The Walayar rape and murder case, which had caused unprecedented outcry across the State of Kerala seems to be in for another round of political ploughing, what with the Congress front submitting a representation to Union Home Minister Amit Shah for a CBI probe into the matter. On the same day, the Kerala government submitted to the Kerala High Court seeking reinvestigation in the case. Chief Minister Pinarayi Vijayan recently also made known that the public prosecutor who had handled the case was also sacked.

In a case that shocked the conscience of a State, two Dalit sisters were found hanging in their house within a week. While the older was 11, the younger child was nine years old.
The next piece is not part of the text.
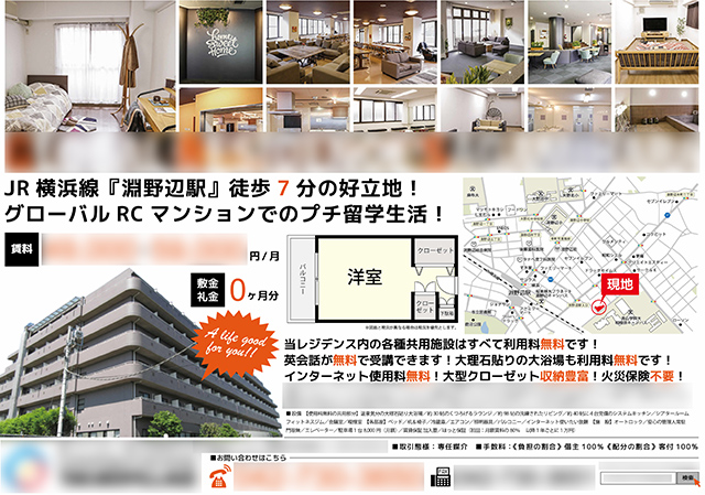 Works 賃貸マンション マイソク(神奈川県相模原市中央区) 不動産図面制作 2016.04.22 大浴場やジムなど共用部分が多くシェアハウス的な面のある賃貸物件でしたので、入居後の生活をイメージしやすいよう写真をたくさん掲載しました。 ターゲット層が10~20代ということで、オレンジをポイントにポップなイメージに仕上げています。 オリジナルマイソク、B4横長、片面 雰囲気:ポップ色:イエロー・オレンジ間取図地図 << ガールズバンドステージコンテスト様 webサイト制作 | 一覧に戻る | シロクマトランク様 webサイト制作(2018年5月リニューアル) >> 関連記事 中古マンション マイソク(東京都練馬区) 高田馬場総合法律事務所様 webサイト制作 中古一戸建 マイソク(東京都八王子市) 中古一戸建 マイソク(東京都町田市)

Investigating officers later submitted that the children had both committed suicide following insufferable and repeated sexual abuse from the hands of five culprits.

Even as the parents cried foul, saying they did not believe the children had killed themselves, especially the younger girl who was a witness of her elder sister's abuse, a POCSO court acquitted the named culprits, shocking the state in general with the verdict that gives the flimsiest grounds for the acquittals. The State has been smouldering ever since the accused were acquited and the issue had gone past the involvement of political parties, capturing the imagination and outrage of the artists and activists of the state. Indeed, the issue was the bone of contention when the State Assembly met in the last week of October.

The worst of the outcry focused on the fact that the police had failed to record the complaint as it was dictated to them by the family, and the fact that the POCSO court consistently refused to admit to trial, more than two eye witness accounts of the abuses the elder girl suffered. On Monday, Kerala sacked the public prosecutor in the case, as he had failed to present the incriminating evidence against the accused. Chief Minister Pinarayi Vijayan also submitted to the high court on Wednesday seeking re-investigation and trial.